_RECORDED INFORMATION_
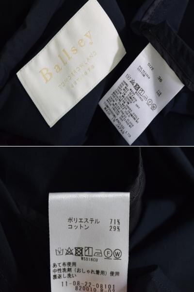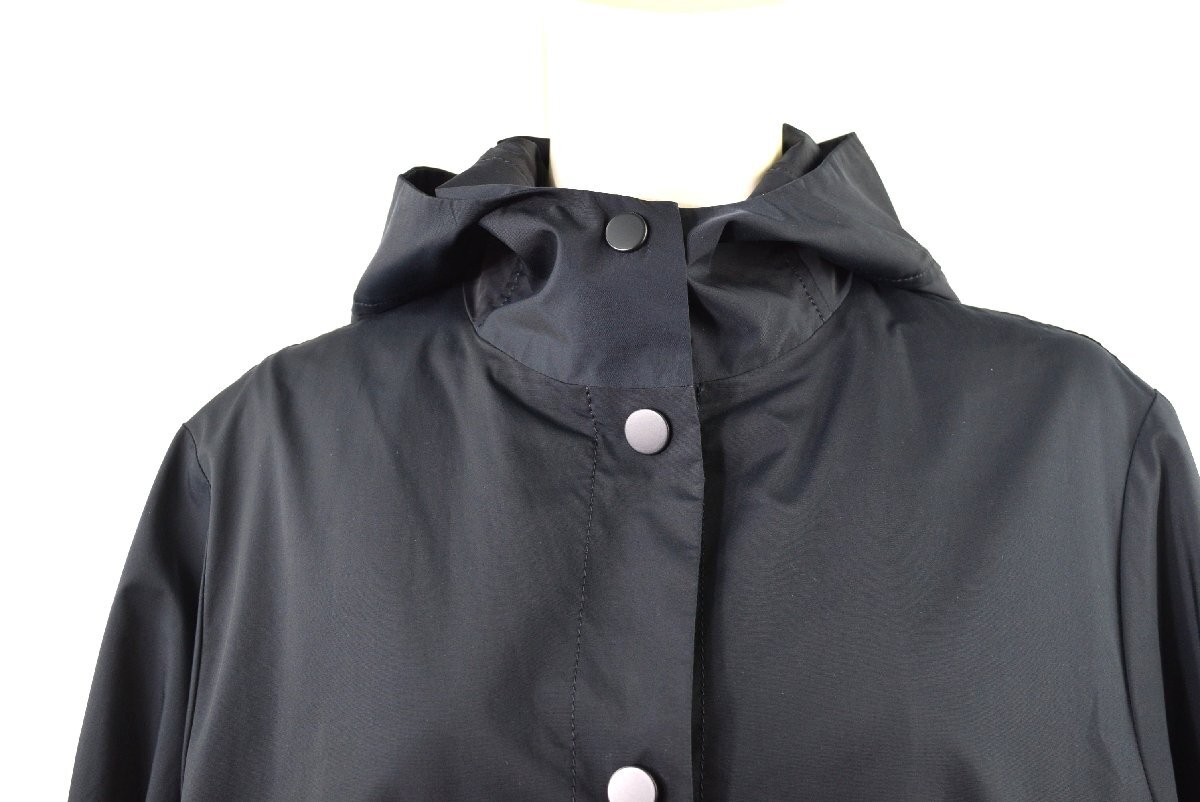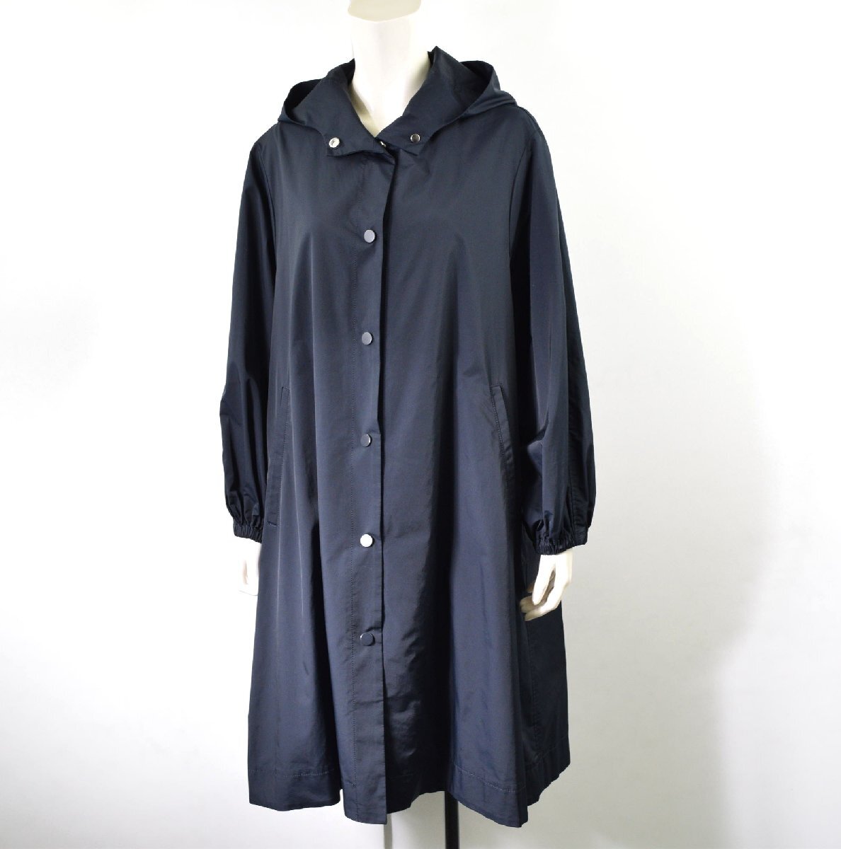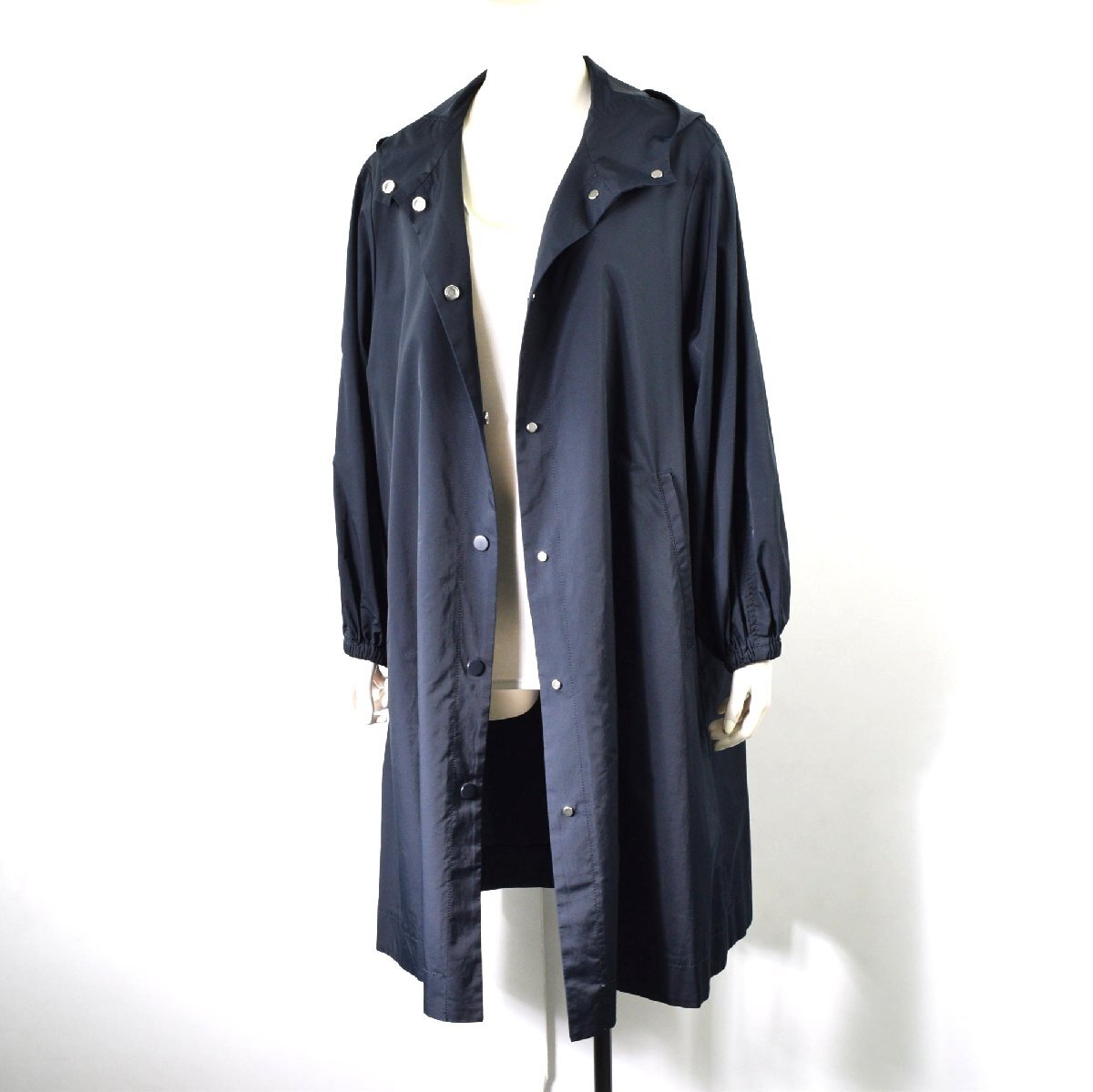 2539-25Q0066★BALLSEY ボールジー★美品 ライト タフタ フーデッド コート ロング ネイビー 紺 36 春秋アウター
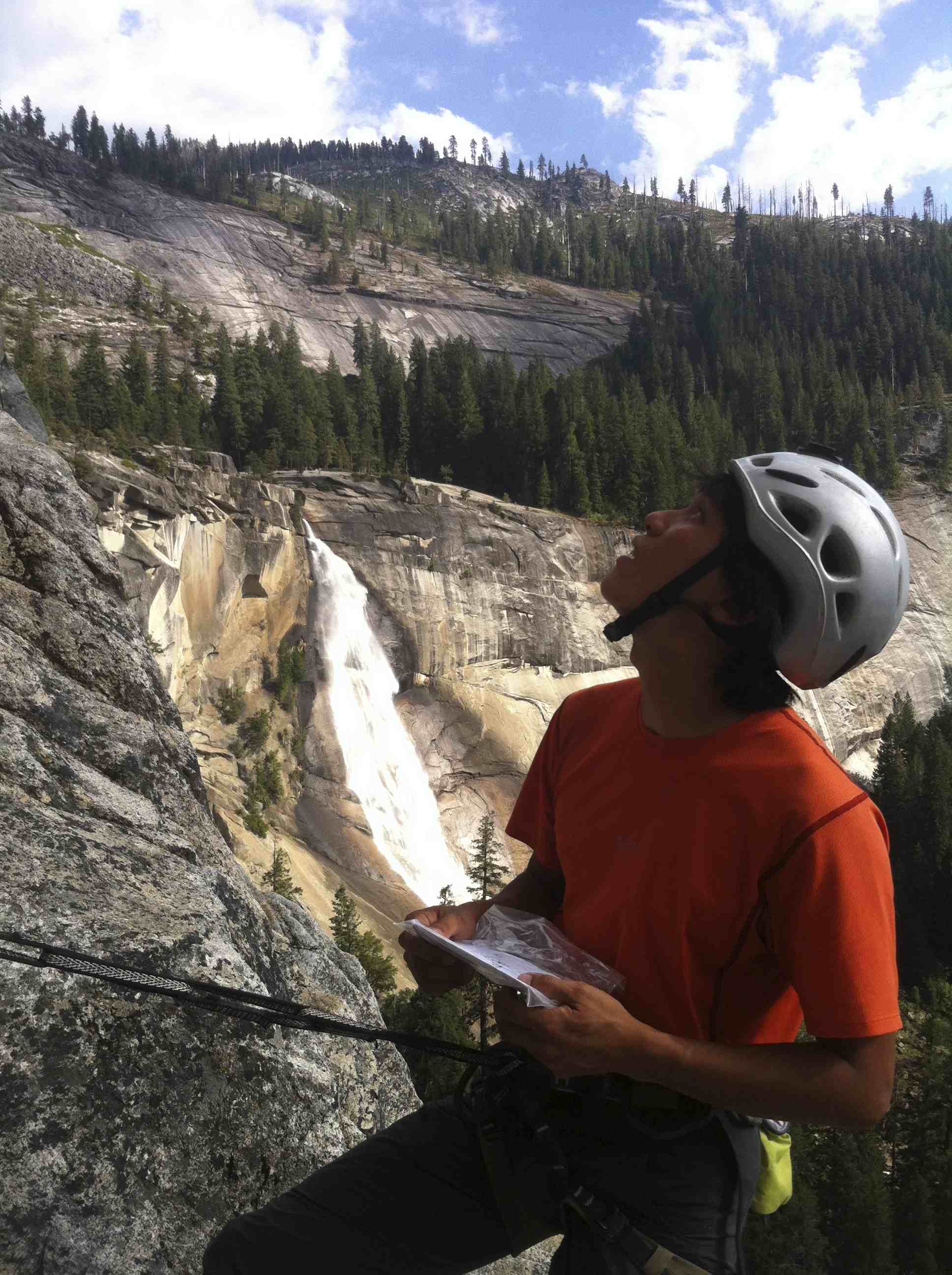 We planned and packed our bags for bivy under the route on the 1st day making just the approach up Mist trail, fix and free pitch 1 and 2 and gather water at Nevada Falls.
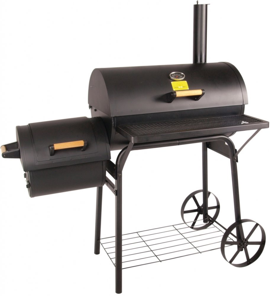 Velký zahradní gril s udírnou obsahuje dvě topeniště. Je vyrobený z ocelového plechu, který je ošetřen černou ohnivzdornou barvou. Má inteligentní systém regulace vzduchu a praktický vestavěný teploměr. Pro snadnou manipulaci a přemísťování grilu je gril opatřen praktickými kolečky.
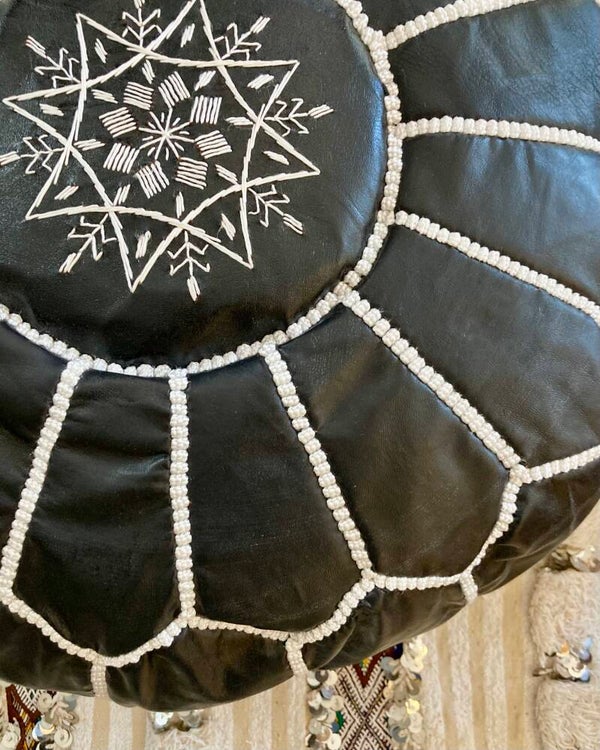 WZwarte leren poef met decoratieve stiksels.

_REQUIRED ACTION_
Copy every line of the listing above exactly. Leave each picture out.

_WRITTEN SOLUTION_
 2539-25Q0066★BALLSEY ボールジー★美品 ライト タフタ フーデッド コート ロング ネイビー 紺 36 春秋アウター
 We planned and packed our bags for bivy under the route on the 1st day making just the approach up Mist trail, fix and free pitch 1 and 2 and gather water at Nevada Falls.
 Velký zahradní gril s udírnou obsahuje dvě topeniště. Je vyrobený z ocelového plechu, který je ošetřen černou ohnivzdornou barvou. Má inteligentní systém regulace vzduchu a praktický vestavěný teploměr. Pro snadnou manipulaci a přemísťování grilu je gril opatřen praktickými kolečky.
 WZwarte leren poef met decoratieve stiksels.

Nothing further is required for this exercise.